§ **ABOUT THIS TASK**
Please repeat the whole listing exactly, but leave out any picture it holds.

§ **DATASET EXTRACT**

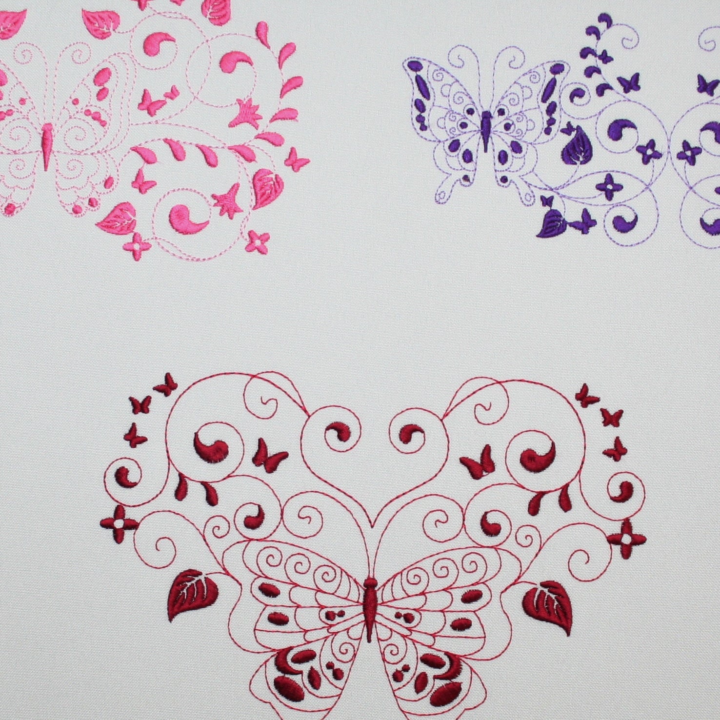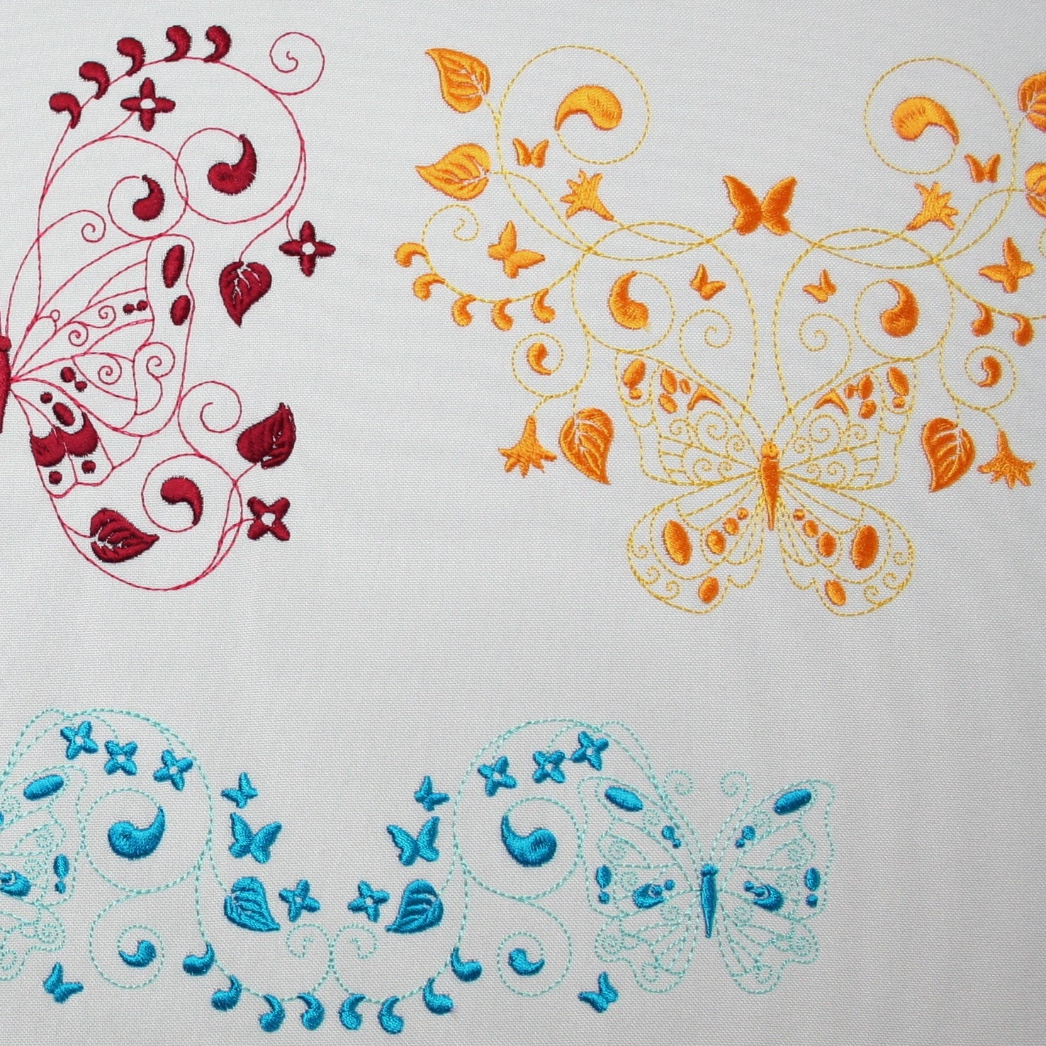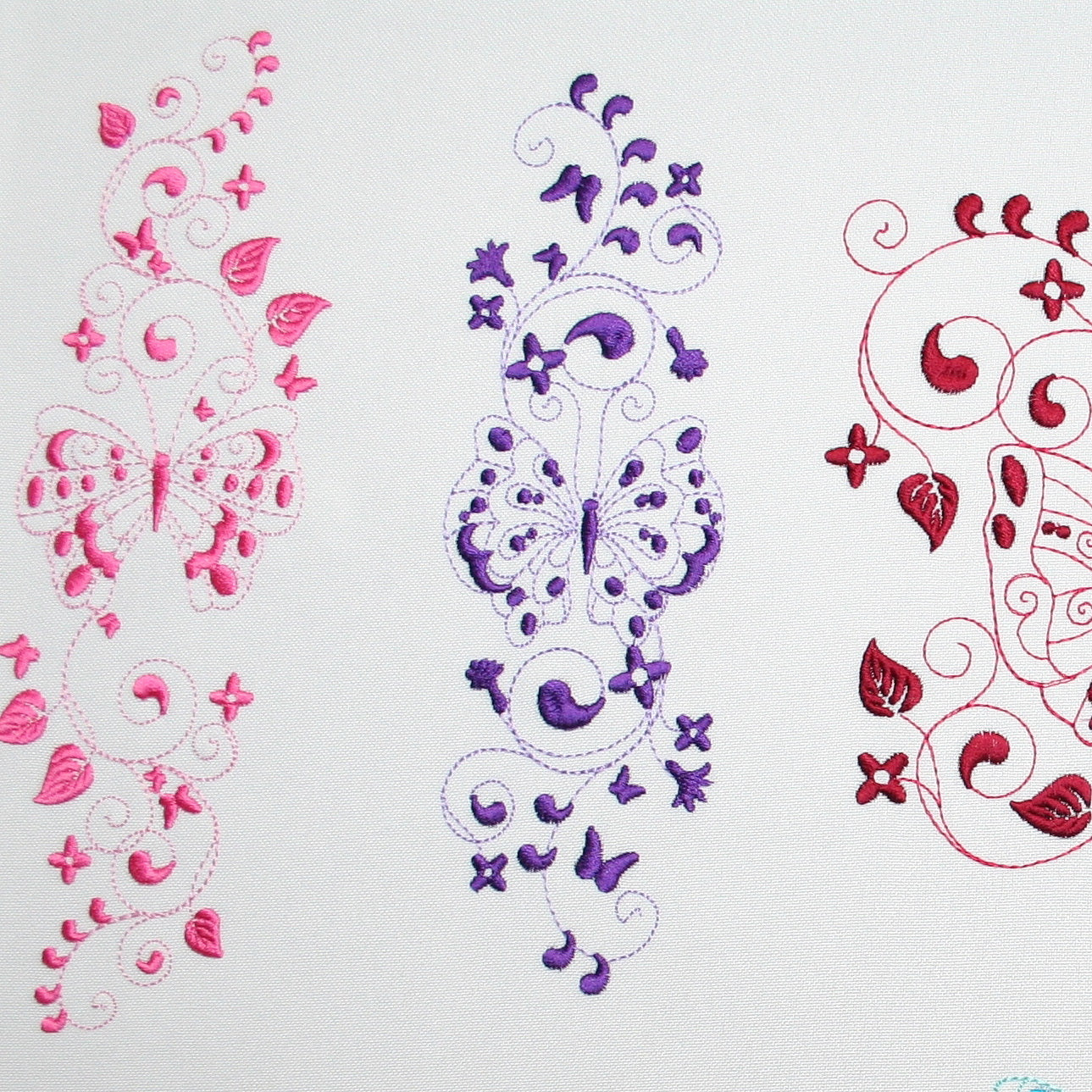 Embroider these 2-tone butterflies to create a quick and easy yet exquisite looking gift like edging along a table cloth, napkin, skirt border or blouse pocket. Use your favorite Spring, Summer, Fall or Winter colors to bring the garden into your home with these colorful happy butterflies.
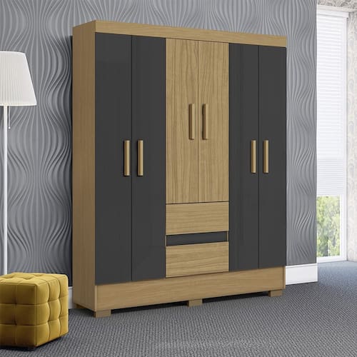 Guarda Roupa Roupeiro Coimbra 6 Portas Atacama Grafite Aramóveis - Bege
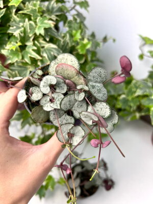 Церопегия - это многолетнее растение родом из тропических лесов Южной Африки, по праву считается одним из самых удивительных растений. Церопегия — это лиана-суккулент. Ее клубневые корни, мясистые стебли и утолщенные листья предназначены для запасания влаги. В природных условиях, клубневое основание лианы, аккумулирующее воду, закрепляется на уступе скалы или в почве и выпускает несколько фиолетовых нитевидных стеблей, способных вырасти до 2-4 метров. Вдоль стеблей с интервалом около 10 сантиметров растут маленькие сочные сердцевидные листочки, имеющие мраморную поверхность светло- и темно-зеленого цвета. Во время цветения из пазух листьев появляются вертикально направленные небольшие цветки, своей необычной формой напоминающие трубочку, размещенную на круглом фиолетовом основании. После цветения на стеблях образовываются бульбочки, которые, при соприкосновении с почвой, способны пускать корни и давать побеги.

§ **WRITTEN ANSWER**
 Embroider these 2-tone butterflies to create a quick and easy yet exquisite looking gift like edging along a table cloth, napkin, skirt border or blouse pocket. Use your favorite Spring, Summer, Fall or Winter colors to bring the garden into your home with these colorful happy butterflies.
 Guarda Roupa Roupeiro Coimbra 6 Portas Atacama Grafite Aramóveis - Bege
 Церопегия - это многолетнее растение родом из тропических лесов Южной Африки, по праву считается одним из самых удивительных растений. Церопегия — это лиана-суккулент. Ее клубневые корни, мясистые стебли и утолщенные листья предназначены для запасания влаги. В природных условиях, клубневое основание лианы, аккумулирующее воду, закрепляется на уступе скалы или в почве и выпускает несколько фиолетовых нитевидных стеблей, способных вырасти до 2-4 метров. Вдоль стеблей с интервалом около 10 сантиметров растут маленькие сочные сердцевидные листочки, имеющие мраморную поверхность светло- и темно-зеленого цвета. Во время цветения из пазух листьев появляются вертикально направленные небольшие цветки, своей необычной формой напоминающие трубочку, размещенную на круглом фиолетовом основании. После цветения на стеблях образовываются бульбочки, которые, при соприкосновении с почвой, способны пускать корни и давать побеги.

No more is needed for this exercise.